For the examples in the OP it can be used in the following way:
# 1. example:
b = np.random.randint(0, 1000, size=(3, 10, 3))
v = np.random.randint(-9, 10, size=3) # Indexing into `b.shape[1]`.
result = sliced_reduce(b, np.zeros_like(v), v, np.add)
# 2. example:
b = np.random.randint(0, 1000, size=(98, 3, 300, 3))
v = np.random.randint(-299, 300, size=(32, 98, 3)) # Indexing into `b.shape[2]`; one additional leading dimension for `v`.
result = sliced_reduce(b, np.zeros_like(v), v, np.add, axis=2)
Notes
Reversing the order of flat index pairs in order to have even < odd and thus shortcut every second computation with a no-op doesn't seem to be a good idea (probably because the flattened array is not traversed in memory layout order anymore). Removing this part and using the flat indices in ascending order gives a performance increase of about 30% (also for the perfplots, though not included there).

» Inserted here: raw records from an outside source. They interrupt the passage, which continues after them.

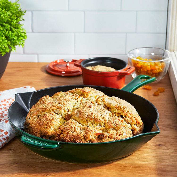 Proudly made in France, Staub has been the benchmark for premium cast iron cookware. Like all Staub fry pans, the Staub Traditional Skillet browns foods beautifully. Whether you’re searing chicken breasts, frying bacon, or caramelizing carrots, the Staub interior imparts texture, promoting exceptional browning and searing, without sticking. And because cast iron offers steady, even heat distribution, the temperature of the pan won't drop as you cook. Like a sauté pan and fry pan in one, our Traditional Skillet boasts all the features of a fry pan combined with higher, straighter sides, which means less splatter on the stovetop. Staub enameled cast iron cookware is the choice of the world's best chefs. With exceptional durability, it’s perfect for day-to-day use in both gourmet home kitchens and prestigious restaurants around the world. Each piece transitions beautifully from the kitchen to the table. Built to last a lifetime, these heirloom pieces can be passed from generation to generation. Textured interior ensures exceptional browning. Enameled cast iron is easy to clean and doesn’t require seasoning. Durable cast iron construction boasts incredible heat retention and distribution. Pouring spouts for easy fat removal. Raised sides help prevent splatter and spills.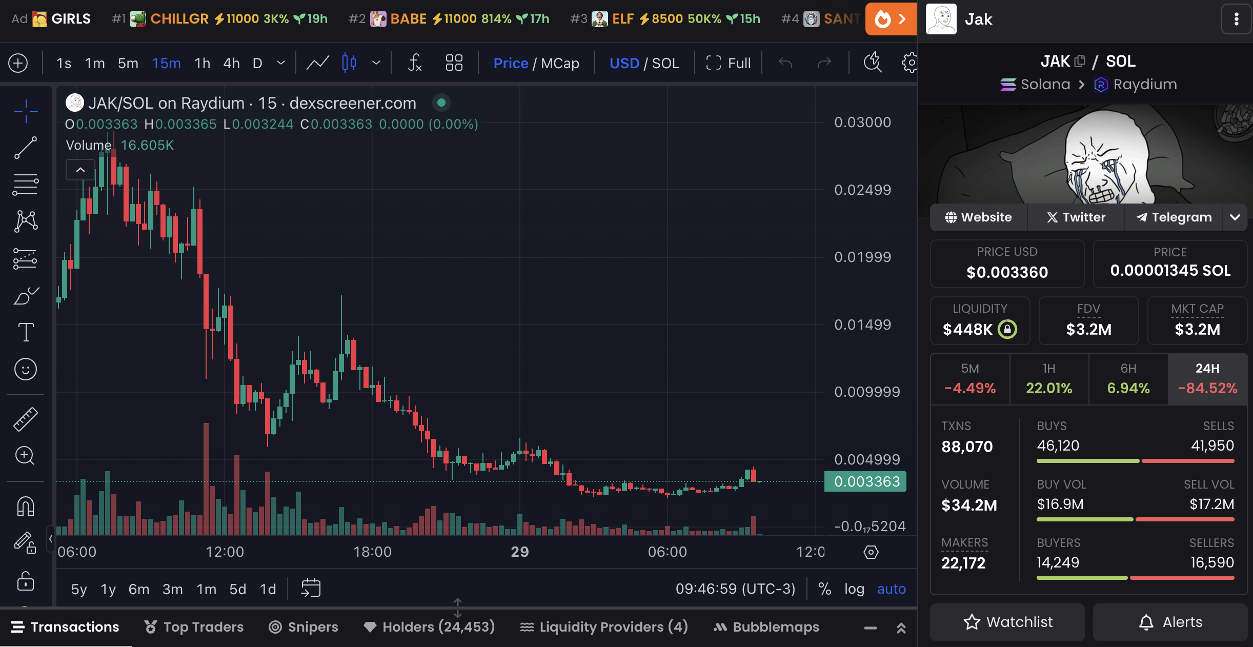 Men dess marknadsvärde har sjunkit med 45% de senaste 24 timmarna, från 48 miljoner USD till 34 miljoner USD, vilket återspeglar betydande säljtryck efter den initiala ökningen.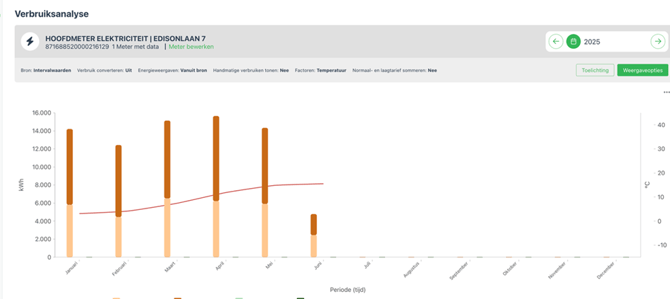 Met de functie 'Verbruiksanalyse' kun je eenvoudig het energieverbruik van een meter bekijken en analyseren. Volg onderstaande stappen om inzicht te krijgen in het verbruik over verschillende perioden. Hieronder volgt eerst een stappenplan om op het niveau van een enkele meter het verbruik te analyseren.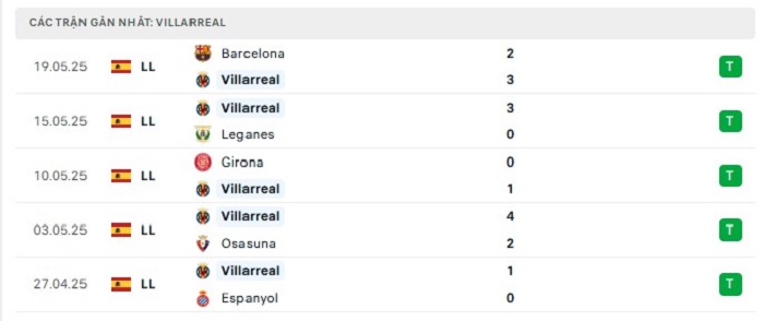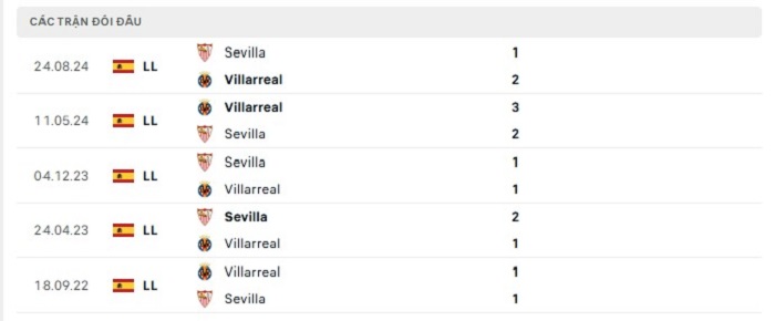 Phong độ gần đây Villarreal vs Sevilla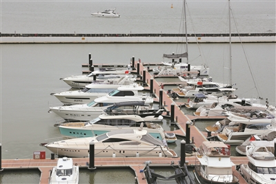 虎門橋下,防波堤圍繞著的紅色港池里停泊著一艘艘白色游艇,與碧海藍天相映成趣。港內共有352個水上泊位,120個干倉泊位,可停泊超級豪華游艇。已建成的南沙游艇會為廣東地區最大的游艇會,且具備符合國際標準的一流硬件設施。
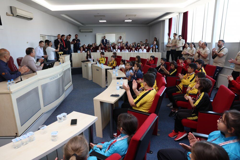 Başkan Gökçe, konuşmasının devamında “Ben ilçemizde okulları dolaştığımda Derince’nin eğitim anlamında çok başarılı bir ilçe olduğuna şahit oluyorum. Pırıl pırıl başarılı çocuklarımız var. Geleceğin doktorlarını, geleceğin mühendislerini, geleceğin sporcularını net bir şekilde görebiliyorum. Bizler de yerel yönetim olarak elimizden geldiğince size katkı sunmaya, destek vermeye devam ediyoruz. İlçemizde eğitime yaptığımız yardımı arttırdık geri kalan her şeyden tasarruf yaptık. Çünkü biz şuna inanıyoruz ki tasarruf yapılmayacak tek şey eğitimdir. Sonuçta spor, sanat ve kültür de eğitimin bir parçasıdır. Biz geçen yıl yaz dönemi her mahallede çocuklarımız için tiyatro oyunları düzenledik. Bu sene okullar kapandıktan sonra sizi yine yalnız bırakmayacağız. Yaz dönemi ile birlikte ilçemizde etkinliklerimiz artarak devam edecek” dedi.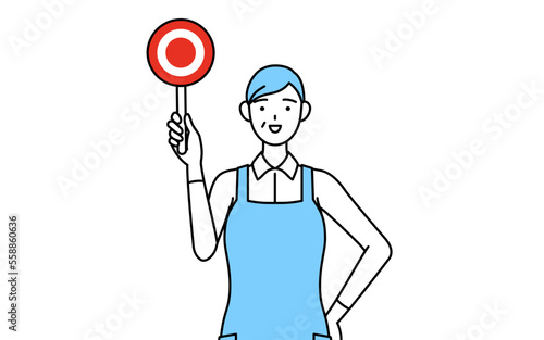 正解を示すマルの棒を持つエプロンを着たシニア女性
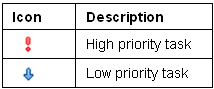 | The second column | Indicates whether the task is high, normal, or low priority. |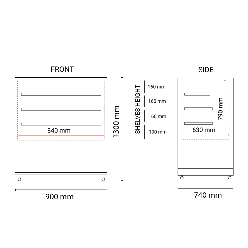 Εξωτερικές Διαστάσεις 900x740x1300(h)mm Εσωτερικές Διαστάσεις 840x630x790(h)mm Χωρητικότητα 460 lt Θερμοκρασία +2°C / +10oC Ισχύς 410Watt / 220-240V / 50Hz Ψύξη Βεβιασμένη Απόψυξη Αυτόματη (με αναστροφή κύκλου) Ψυκτικό υγρό R290 Ράφια γυάλινα 1 (738x278mm) & 2 (738x318mm) Φωτισμός LED (οριζόντιος) Κλιματική κλάση 4 (+30oC & 55%RH) Καθαρό Βάρος 170 Kg Πανοραμικά πλαϊνά 4 ροδάκια Ψηφιακός θερμοστάτης - θερμόμετρο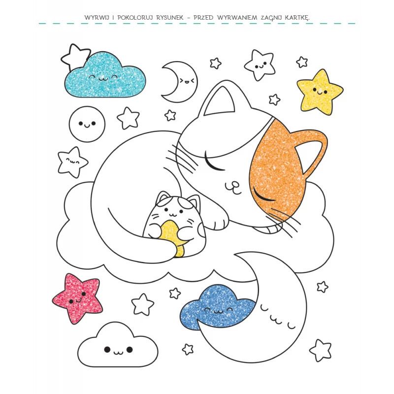 Kolorowanie uczy cierpliwości i staranności, rozwija wyobraźnię i uwrażliwia na barwy. Kolorując – dziecko ćwiczy koncentrację i rozwija zdolności manualne – przygotowuje rękę do późniejszej nauki pisania. Brokatowa kolorowanka to propozycja dla małych artystów. Na każdej stronie znajduje się rysunek pięknego kotka lub pieska z pokolorowanymi na brokatowo kilkoma elementami – dzięki czemu rysunek wygląda niezwykle elegancko. Dziecko kończy kolorowanie, używając kredek, pisaków zwykłych lub brokatowych, wedle własnych upodobań. Perforacja ułatwia wyrywanie rysunków z książki. Zamieszczone w książce obrazki spodobają się wielbicielom piesków i kotków – obrazki są staranne, ale i zabawne, wzbogacone o dodające uroku drobne elementy. Ciekawa tematyka i odpowiednie dla dzieci rysunki oraz błyszczący brokat zachęcają do pracy z tą książeczką. Pokolorowany obrazek, oprawiony w ramkę lub nie, to doskonały pomysł na ozdobienie pokoju dziecka lub prezent dla najbliższych. Zapraszamy do świata kolorów!

For what it's worth, here's a one-liner. No promises that this is the most efficient version, because it does a lot more addition than necessary:
In [25]: b.cumsum(axis=1)[np.arange(b.shape[0]), v-1]
Out[25]:
array([[3., 1., 4.],
[4., 2., 3.],
[3., 0., 1.]])
(Also be aware that it doesn't correctly handle a 0 in v.)